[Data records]
######
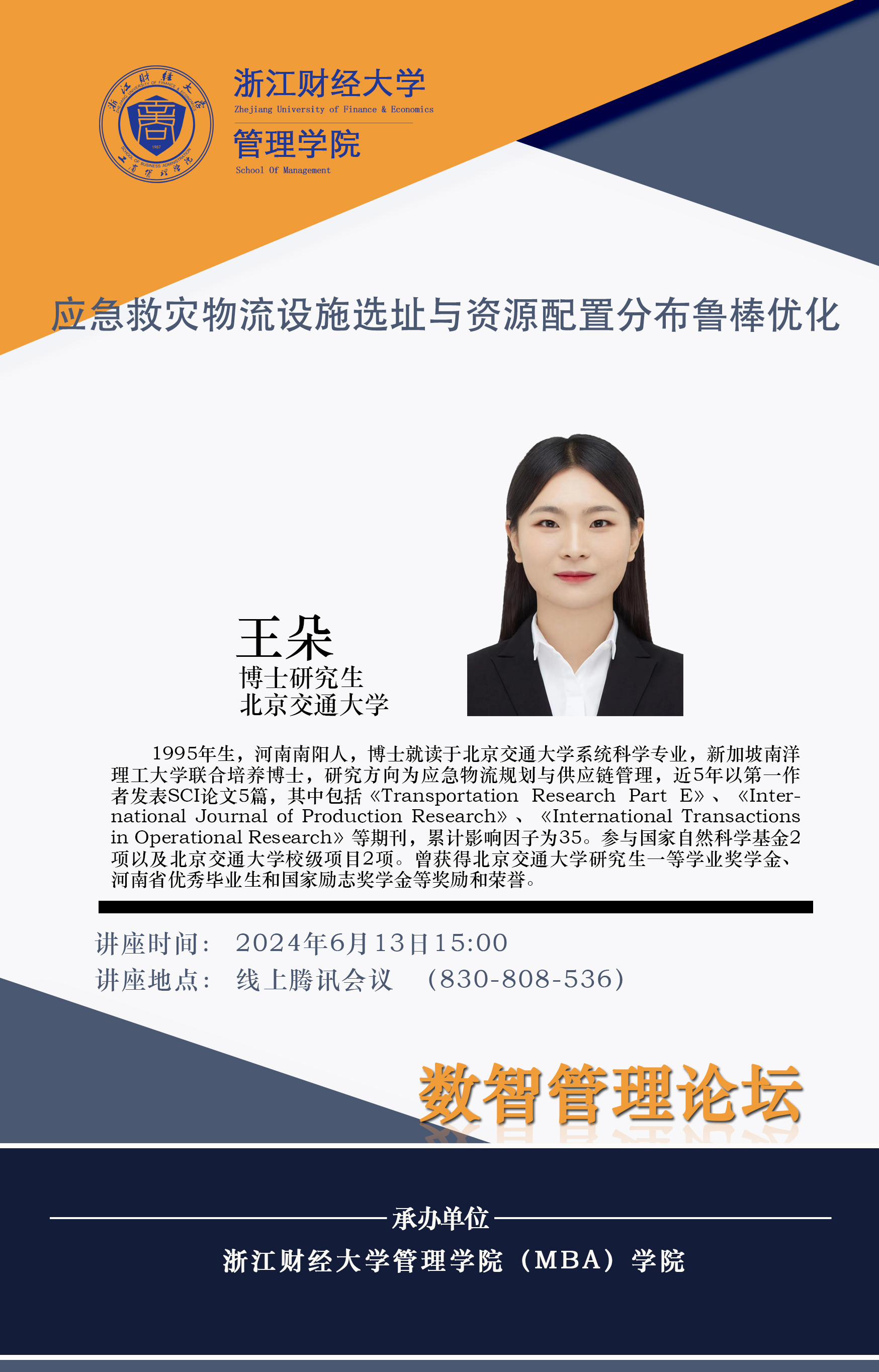 【管理学院公开讲座】王朵:应急救灾物流设施选址与资源配置分布鲁棒优化
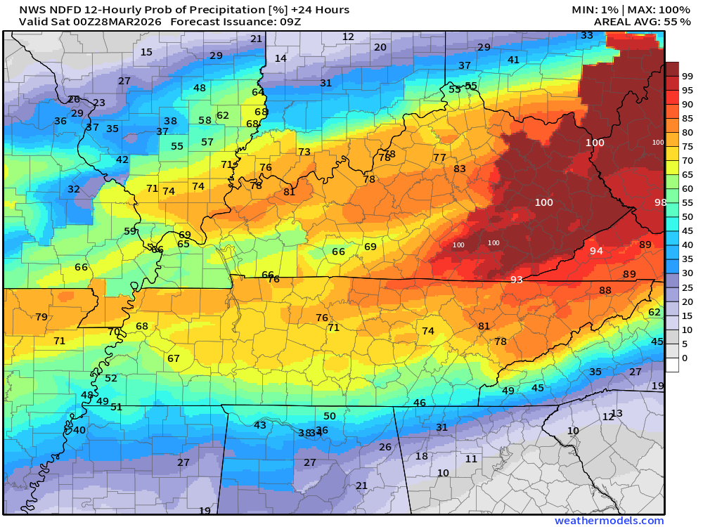 Let’s take a look at the rainfall probabilities. What is the % chance of showers and thunderstorms?
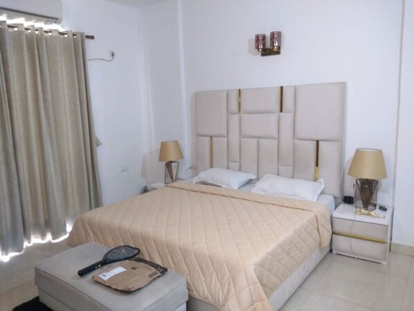 Experience luxury in this 2-bedroom serviced apartment, with en-suite bathrooms and balconies offering pool and garden views. Enjoy the peaceful surroundings while being just minutes from major transport links like the Noida-Greater Noida Express Way.
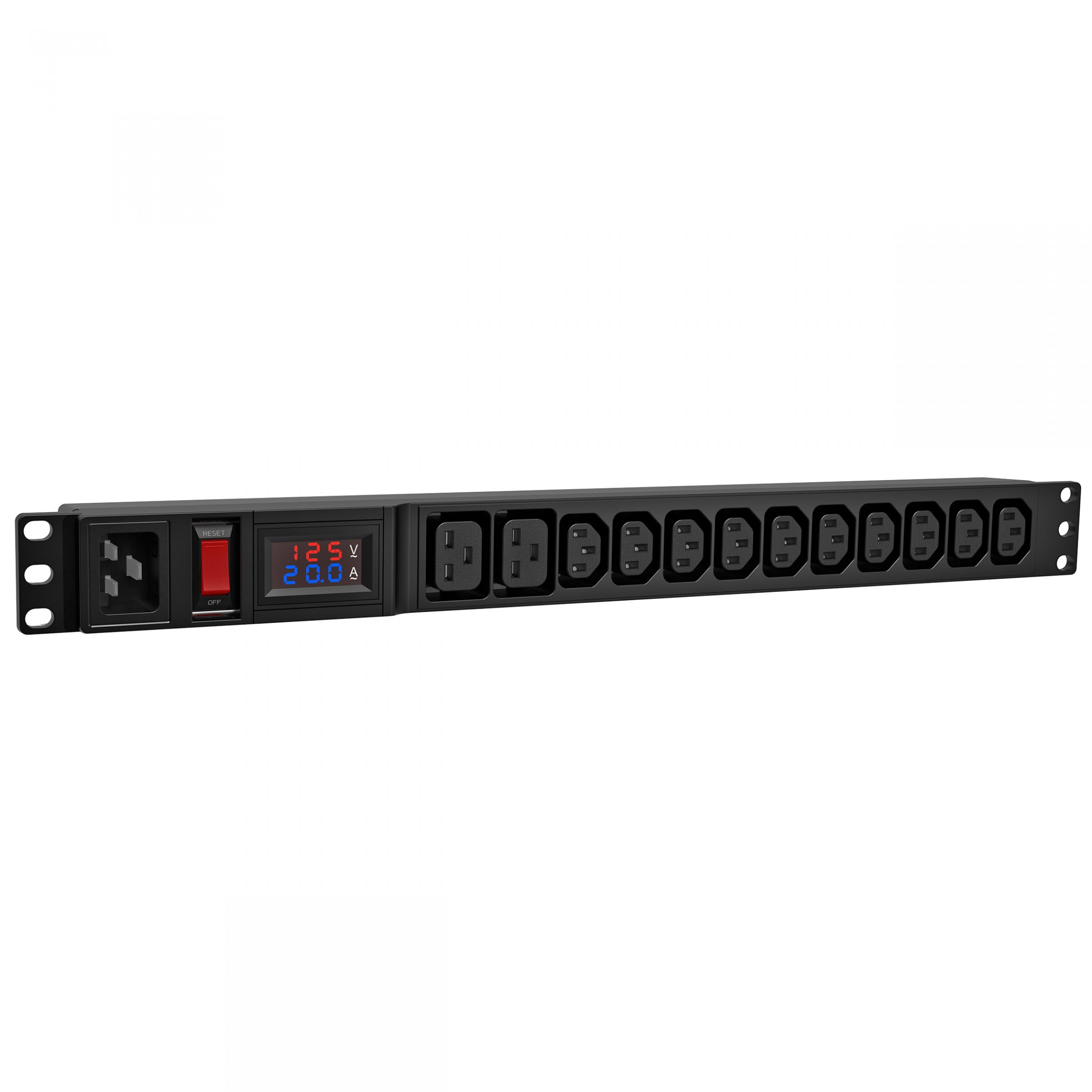 12孔 IEC C13/C19及前置 IEC C20 1U電壓電流顯示型電源分配器
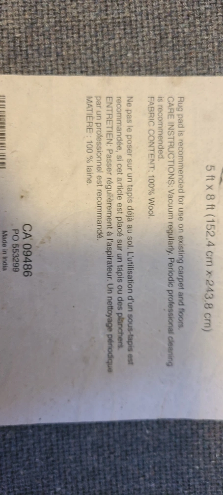 24Selling a rug that's 5 ft x 8 ft (152.4 cm x 243.8 cm). It's made of 100% wool. A rug pad is recommended for use on existing carpet and floors. For care, vacuum regularly; periodic professional cleaning is recommended
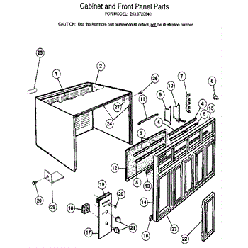 Parts for Kenmore 253.9720840 (2539720840, 253 9720840): Cabinet And Front Panel Parts
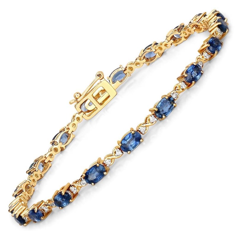 Exquisite 9K Yellow Gold Bracelet Adorned with Blue Sapphires and White Diamonds
######
Task requirements —
Nothing but the lines from the one holding "12孔 IEC C13/C19及前置 IEC C20 1U電壓電流顯示型電源分配器" to the end of the entries above should be echoed, exactly and with both ends included; omit the pictures.

Solution below —
 12孔 IEC C13/C19及前置 IEC C20 1U電壓電流顯示型電源分配器
 24Selling a rug that's 5 ft x 8 ft (152.4 cm x 243.8 cm). It's made of 100% wool. A rug pad is recommended for use on existing carpet and floors. For care, vacuum regularly; periodic professional cleaning is recommended
 Parts for Kenmore 253.9720840 (2539720840, 253 9720840): Cabinet And Front Panel Parts
 Exquisite 9K Yellow Gold Bracelet Adorned with Blue Sapphires and White Diamonds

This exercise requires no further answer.